Infila i guanti di lattice, Claudia Izzo nel suo racconto, quasi per evitare ogni contatto con il virus cha sta contaminando l’umanità. Pensa all’affresco sul soffitto del chiostro nell’edificio in cui si svolge l’esame di Anatomia; è la bellezza dipinta quel soffitto .Una giovane restauratrice cerca di far rivivere ciò che il tempo ha spento per restituire lo splendore dell’arte e intanto la nostra protagonista si accinge a pulire l’argento che, persa la sua opacità, ha bisogno di ritrovare splendore e bellezza; quegli oggetti cui Claudia dedica la sua cura sono frutto di creatività, di bellezza, di impegno e di ingegno da parte dell’uomo. Quante metafore in questo breve scritto…Mentre il pensiero della protagonista va alle rovine seminate dal virus, ai tanti morti in totale solitudine senza il conforto di una carezza, ella si gira tra le mani quell’argento che nella cultura popolare è simbolo di fortuna e, in forma diversa, contiene in sé un grande potere cicratizzante e intanto nei vassoi si rispecchia la sua immagine, una immagine positiva mentre fuori è scoppiata la primavera che lascia presagire la rinascita e il ritorno alla vita, quella vita di cui è stato attento custode tutto il personale medico degno di accorata ammirazione. Medici, infermieri e portantini sono bardati come astronauti e al piccolo Leandro che ne chiede il perché, ha risposto il padre, infettivologo in prima linea nella sanità napoletana dicendo che sono venuti dalla luna per portare in dono il bene agli uomini che annegano nel dolore; sono venuti dalla luna in difesa del genere umano a far guerra al nemico invisibile per sconfiggerlo.
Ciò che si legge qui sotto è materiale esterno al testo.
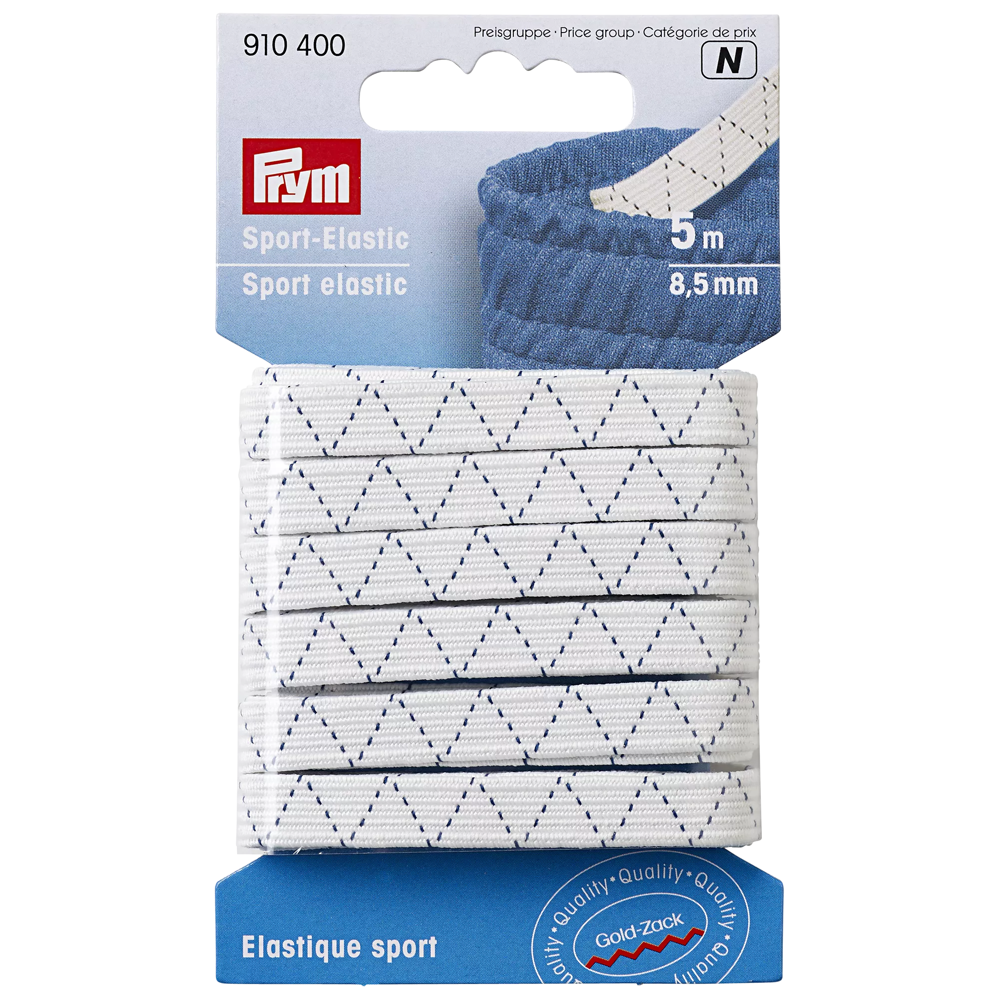 Gold-Zack sport elastic is ideal for replacing worn elastic in sports-wear such as jogging trousers and shorts. Size: 8.5mm x 5m.

Sono venuti da quella luna di leopardiana memoria che forse conosce il dolore dell’uomo, la luna solitaria, eterna viaggiatrice, che è così pensierosa perchè forse comprende che cosa sia questa vita terrena, la nostra sofferenza, i nostri sospiri; che cosa sia questo estremo impallidire del volto e il morire, il venir meno ad ogni compagnia consueta e amorevole .La luna che certo capisce l’origine delle cose e vede lo scopo del mattino, della sera, del silenzioso e infinito fluire del tempo. La luna che certo sa a quale suo dolce amore sorrida la primavera, a chi giovi il caldo, e quale frutto dia l’inverno col suo ghiaccio. E in quanto a noi che siamo i cro-creatori dell’universo ai quali nulla può resistere nell’ ardire dell’azione e del pensiero, dobbiamo combattere il pericolo maggiore che possa temere l’umanità che non è una catastrofe che venga dal di fuori quale quella che stiamo vivendo, è invece quella malattia spirituale, la più terribile, perché il più direttamente umano dei flagelli che è la perdita del gusto di vivere, quel richiamo alla vita, l’entusiasmo e la gioia di vivere che Claudia conosce bene …e che per lei è quel riemergere dal vassoio di argento dell’immagine riflessa del suo volto abbagliato dalla luminosità del volto di Benedetta, la sua forza, la sua speranza, sua figlia.